Start of Block

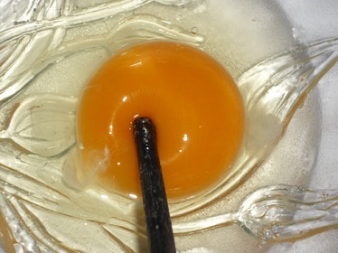 Loại trứng này dùng đũa ấn mạnh vào lòng đỏ không bung ra, ở trên đầu xoắn lại như màng nilon (Nguồn: Eva)
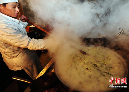 1月10日晚,揚州大明寺工作人員連夜熬制120大鍋“臘八粥”。11日是農歷十二月初八,俗稱“臘八節”,民間有吃“臘八粥”的習俗。熬煮以糯米為主料,配有蓮子、桂圓、紅棗、花生等18種輔料做成的“臘八粥”,寓意平安、吉祥、增壽。孟德龍 攝
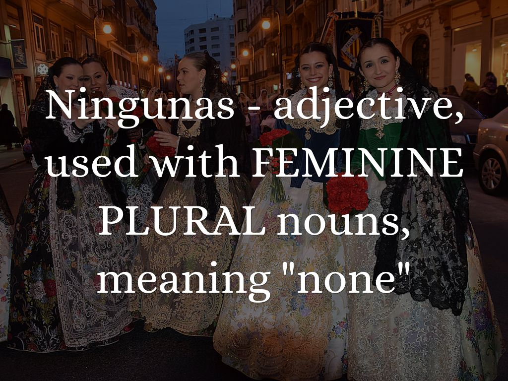 Ningunas - adjective, used with FEMININE PLURAL nouns, meaning "none"
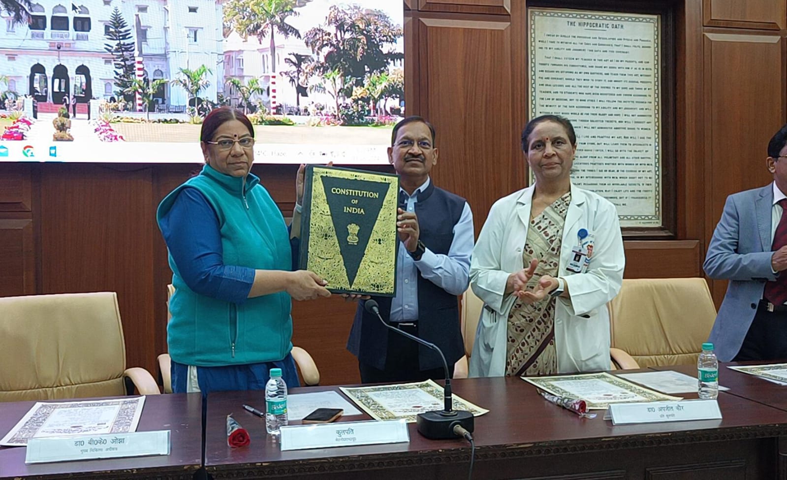 भारतीय संविधान के लीथोग्राफिक प्रिंट की प्रतिलिपि कुलपति कार्यालय में स्थापित की गयी
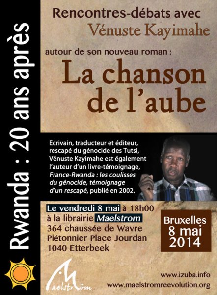 A l’occasion de la sortie de son roman, La chanson de l’aube, - et dans le cadre des 20e commémorations du génocide des Tutsi - Vénuste Kayimahe effectue une série de rencontres et de présentations en Belgique.

End of Block

### Your assignment
For the entries above, return an exact copy that omits the images.

### Output of the task
 Loại trứng này dùng đũa ấn mạnh vào lòng đỏ không bung ra, ở trên đầu xoắn lại như màng nilon (Nguồn: Eva)
 1月10日晚,揚州大明寺工作人員連夜熬制120大鍋“臘八粥”。11日是農歷十二月初八,俗稱“臘八節”,民間有吃“臘八粥”的習俗。熬煮以糯米為主料,配有蓮子、桂圓、紅棗、花生等18種輔料做成的“臘八粥”,寓意平安、吉祥、增壽。孟德龍 攝
 Ningunas - adjective, used with FEMININE PLURAL nouns, meaning "none"
 भारतीय संविधान के लीथोग्राफिक प्रिंट की प्रतिलिपि कुलपति कार्यालय में स्थापित की गयी
 A l’occasion de la sortie de son roman, La chanson de l’aube, - et dans le cadre des 20e commémorations du génocide des Tutsi - Vénuste Kayimahe effectue une série de rencontres et de présentations en Belgique.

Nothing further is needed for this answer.